> _AVAILABLE RECORDS_
———

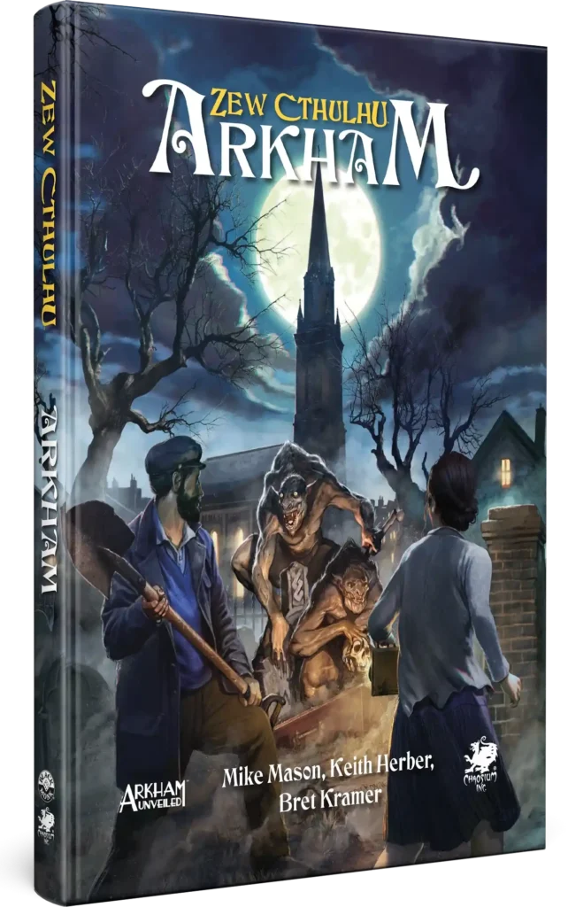 Dołącz do naszej podróży po tym nawiedzanym przez liczne legendy mieście na brzegach rzeki Miskatonic w hrabstwie Essex w stanie Massachusetts. W tej publikacji znajdziesz opisy mieszkańców miasta, różnych działających w nim przedsiębiorstw oraz całej społeczności – począwszy od urzędów publicznych, a skończywszy na mrocznym półświatku. W Arkham mieszkają różnorodne istoty, mające swoje niedole i radości, swoje własne cele oraz… tajemnice.
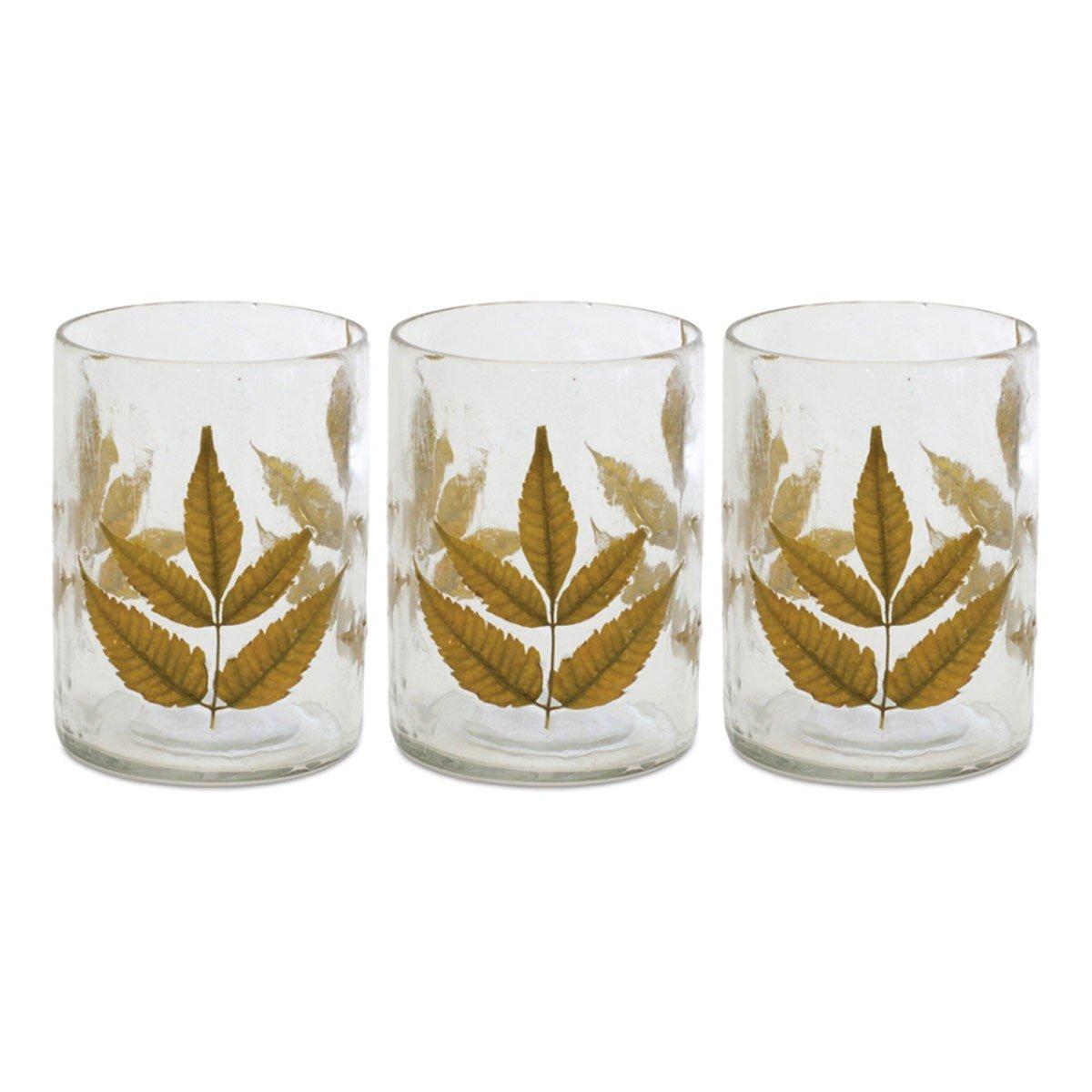 Melrose International Dried Yellow Leaf Glass Candle Holder (Set of 3)
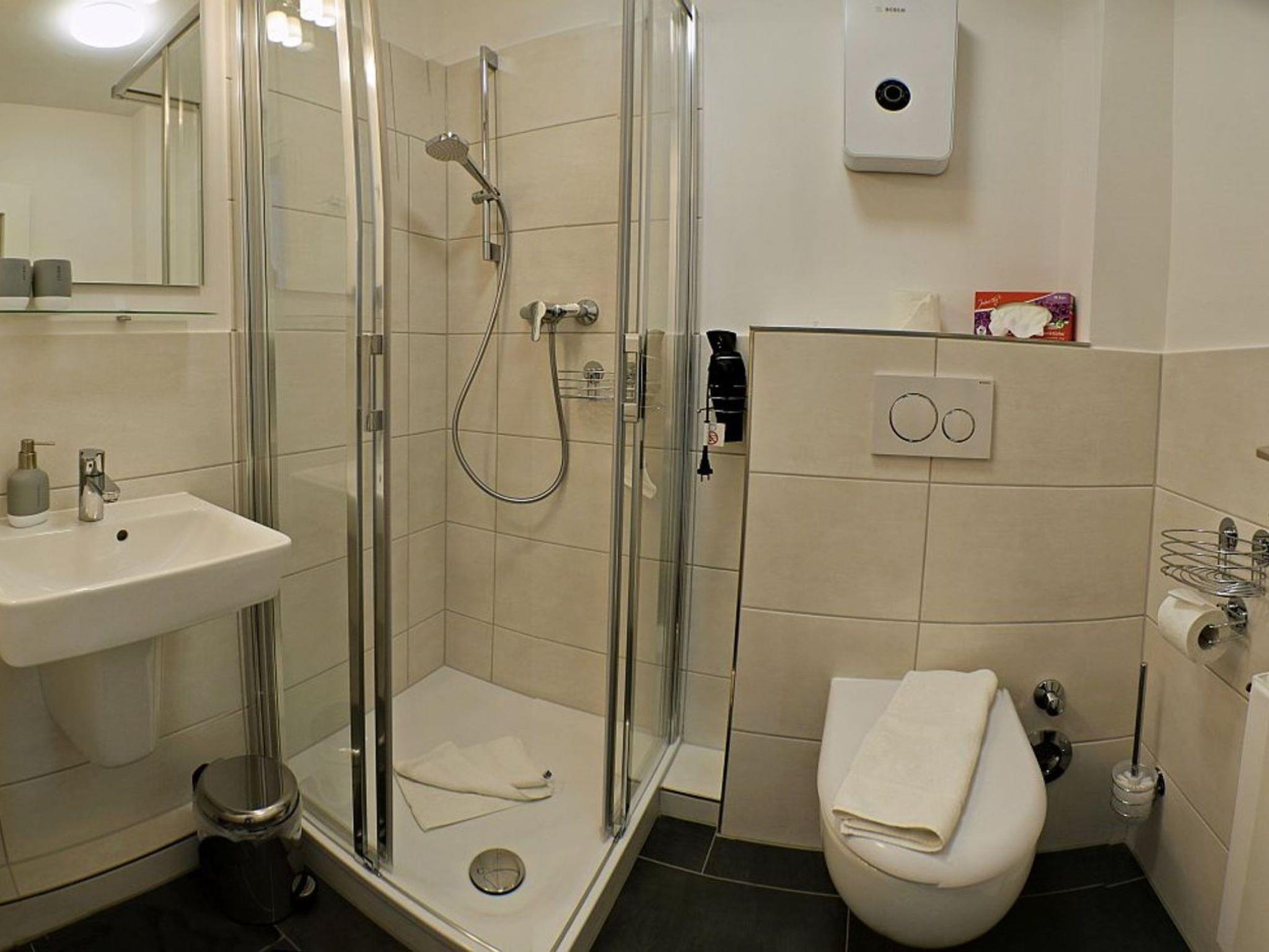 Ein innenliegendes Bad mit Waschbecken, Dusche, WC, Haartrockner
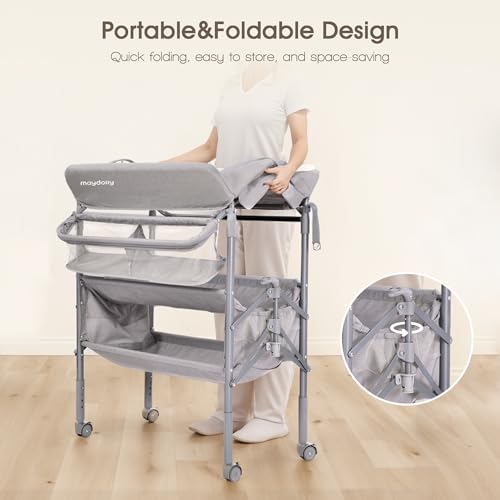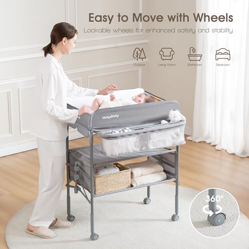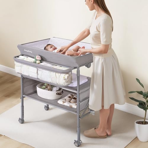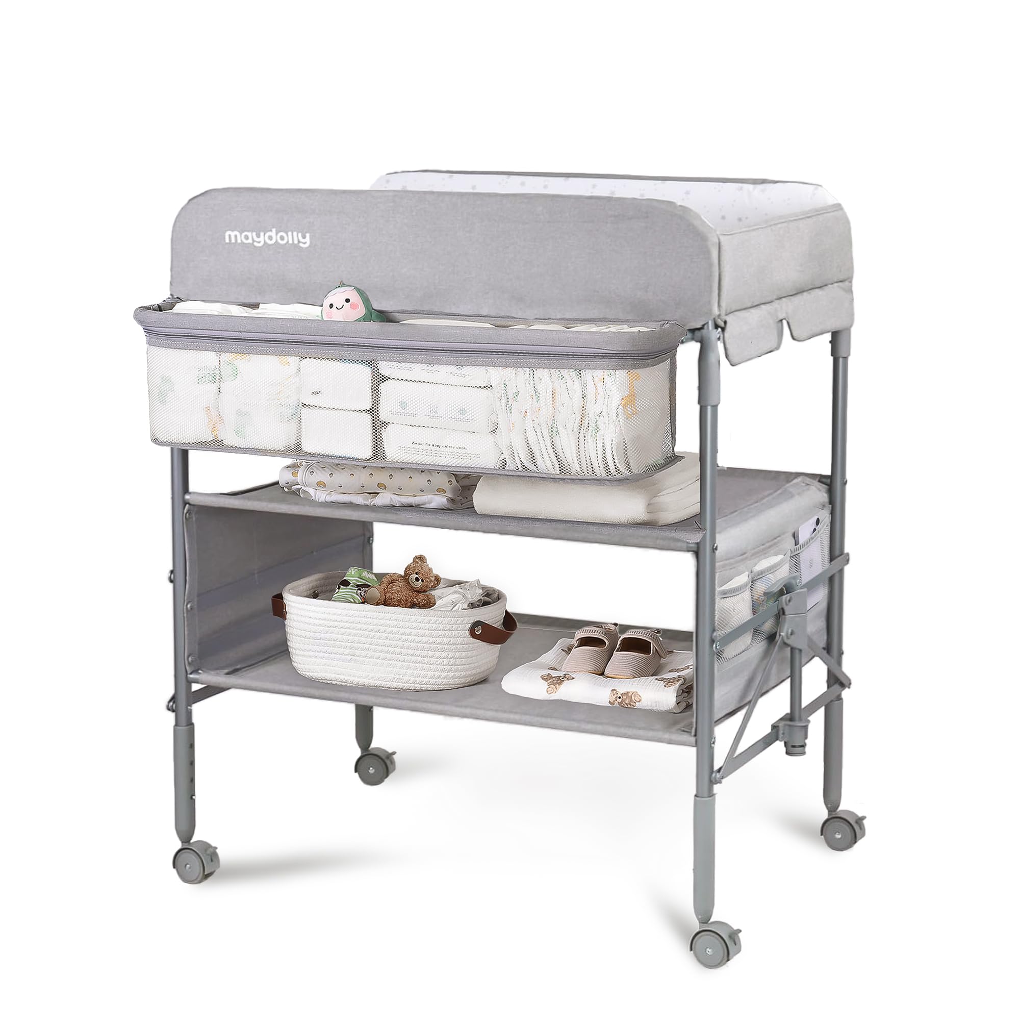Maydolly Baby Changing Table, Portable Foldable Changing Station with Wheels, Waterproof Surface, Adjustable Height Baby Changing Unit with Storage Rack for Newborn (Grey)
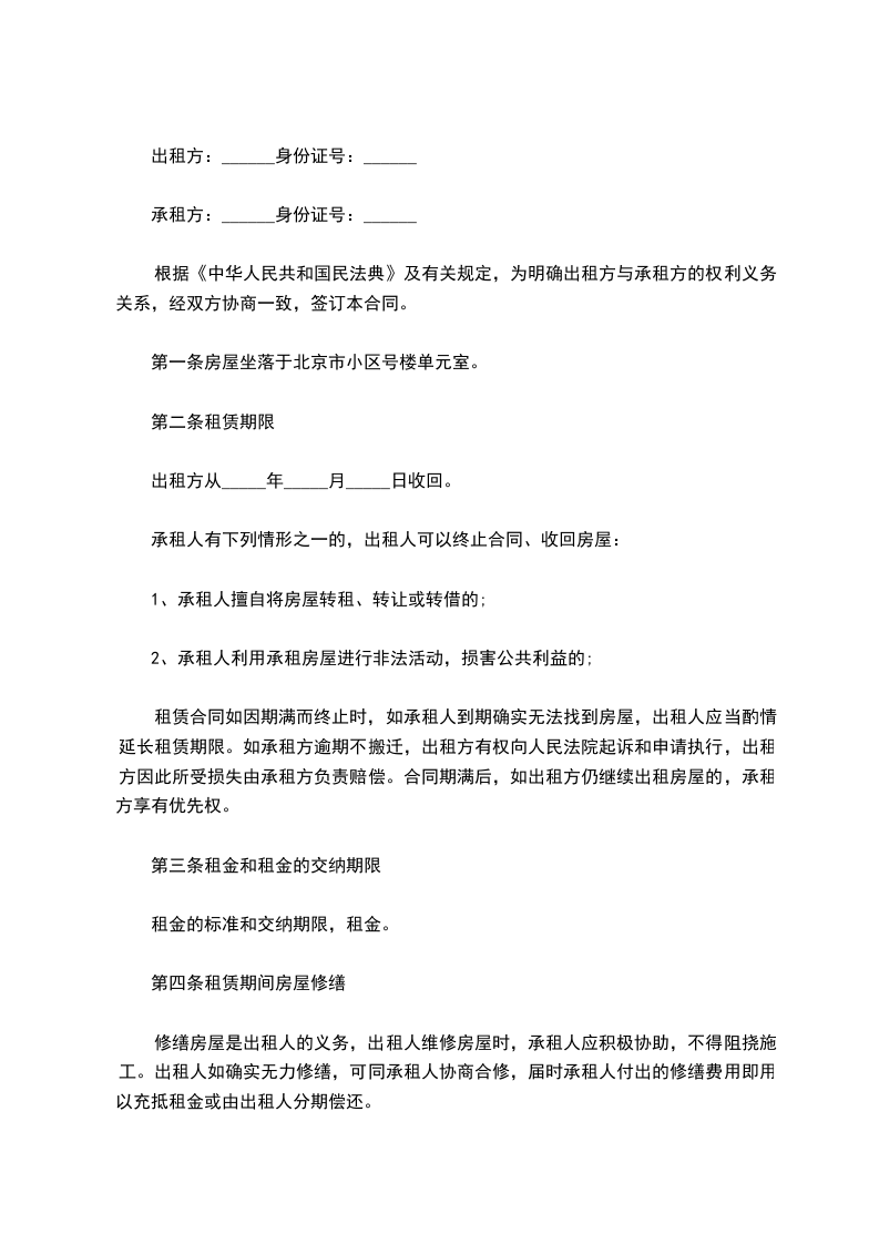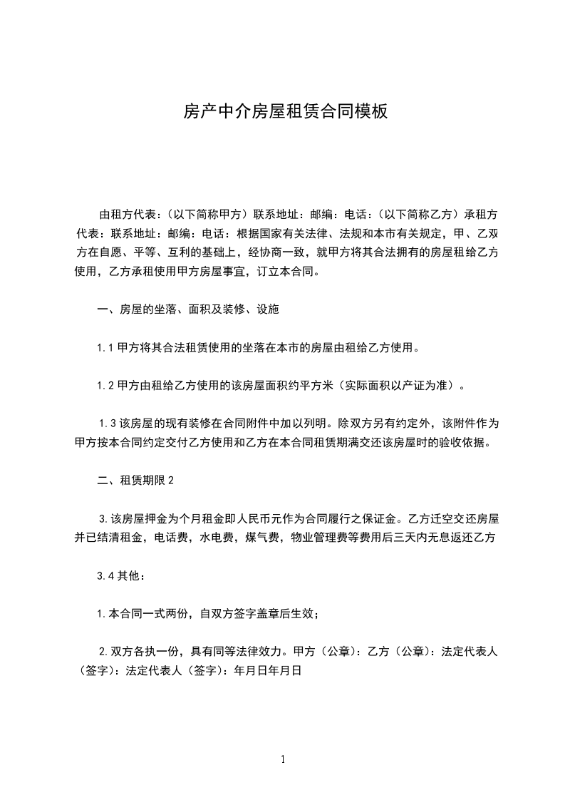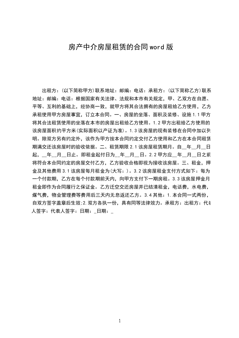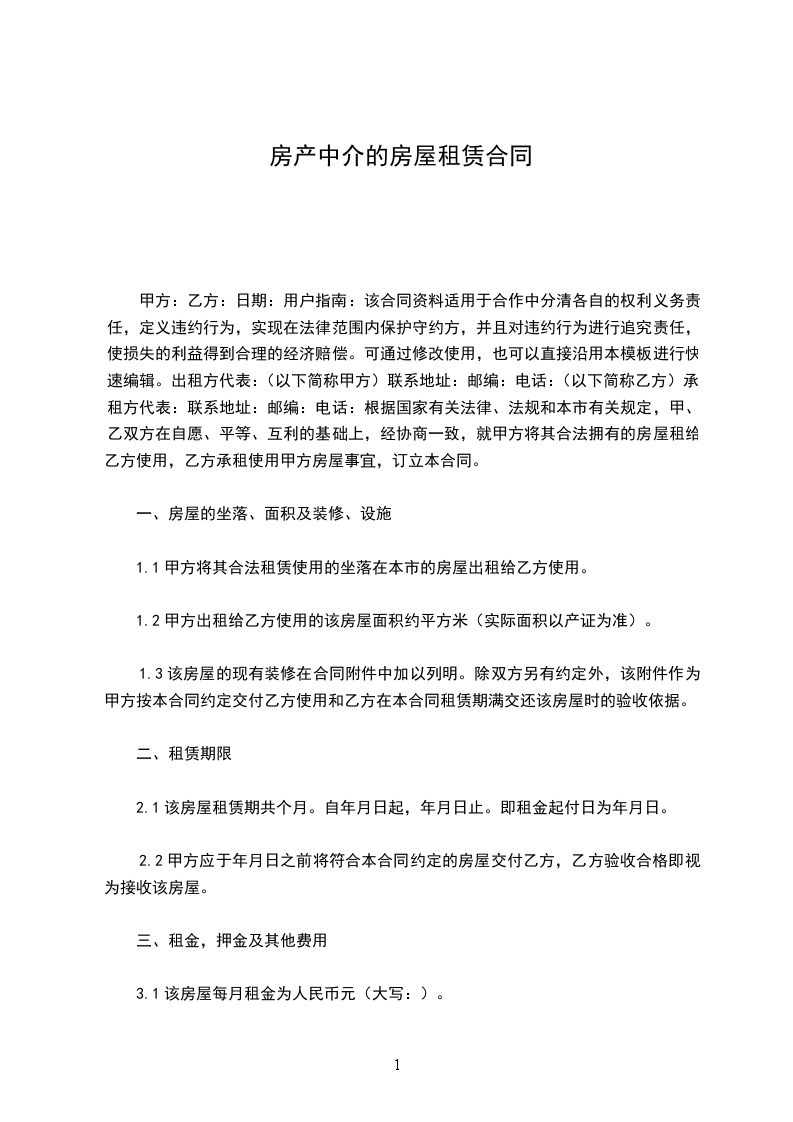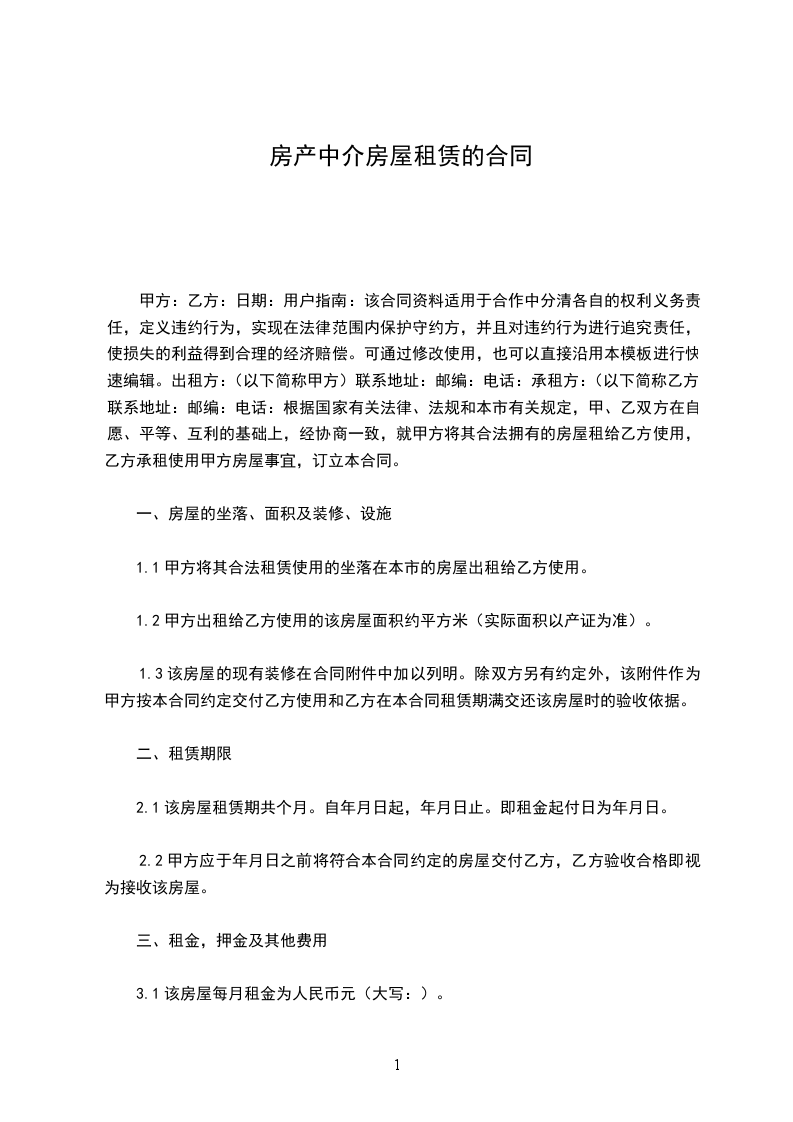 甲方:乙方:日期:用户指南:该合同资料适用于合作中分清各自的权利义务责任,定义违约行为,实现在法律范围内保护守约方,并且对违约行为进行追究责任,使损失的利益得到合理的经济赔偿。可通过修改使用,也可以直接沿用本模板进行快速编辑。出租方:(以下简称甲方)联系地址:邮编:电话:承租方:(以下简称乙方)联系地址:邮编:电话:根据国家有关法律、法规和本市有关规定,甲、乙双方在自愿、平等、互利的基础上,经协商一致,就甲方将其合法拥有的房屋租给乙方使用,乙方承租使用甲方房屋事宜,订立本合同。

———

Transcribe each entry above exactly, apart from the pictures.

> _OUTPUT FOR THIS TASK_
 Dołącz do naszej podróży po tym nawiedzanym przez liczne legendy mieście na brzegach rzeki Miskatonic w hrabstwie Essex w stanie Massachusetts. W tej publikacji znajdziesz opisy mieszkańców miasta, różnych działających w nim przedsiębiorstw oraz całej społeczności – począwszy od urzędów publicznych, a skończywszy na mrocznym półświatku. W Arkham mieszkają różnorodne istoty, mające swoje niedole i radości, swoje własne cele oraz… tajemnice.
 Melrose International Dried Yellow Leaf Glass Candle Holder (Set of 3)
 Ein innenliegendes Bad mit Waschbecken, Dusche, WC, Haartrockner
Maydolly Baby Changing Table, Portable Foldable Changing Station with Wheels, Waterproof Surface, Adjustable Height Baby Changing Unit with Storage Rack for Newborn (Grey)
 甲方:乙方:日期:用户指南:该合同资料适用于合作中分清各自的权利义务责任,定义违约行为,实现在法律范围内保护守约方,并且对违约行为进行追究责任,使损失的利益得到合理的经济赔偿。可通过修改使用,也可以直接沿用本模板进行快速编辑。出租方:(以下简称甲方)联系地址:邮编:电话:承租方:(以下简称乙方)联系地址:邮编:电话:根据国家有关法律、法规和本市有关规定,甲、乙双方在自愿、平等、互利的基础上,经协商一致,就甲方将其合法拥有的房屋租给乙方使用,乙方承租使用甲方房屋事宜,订立本合同。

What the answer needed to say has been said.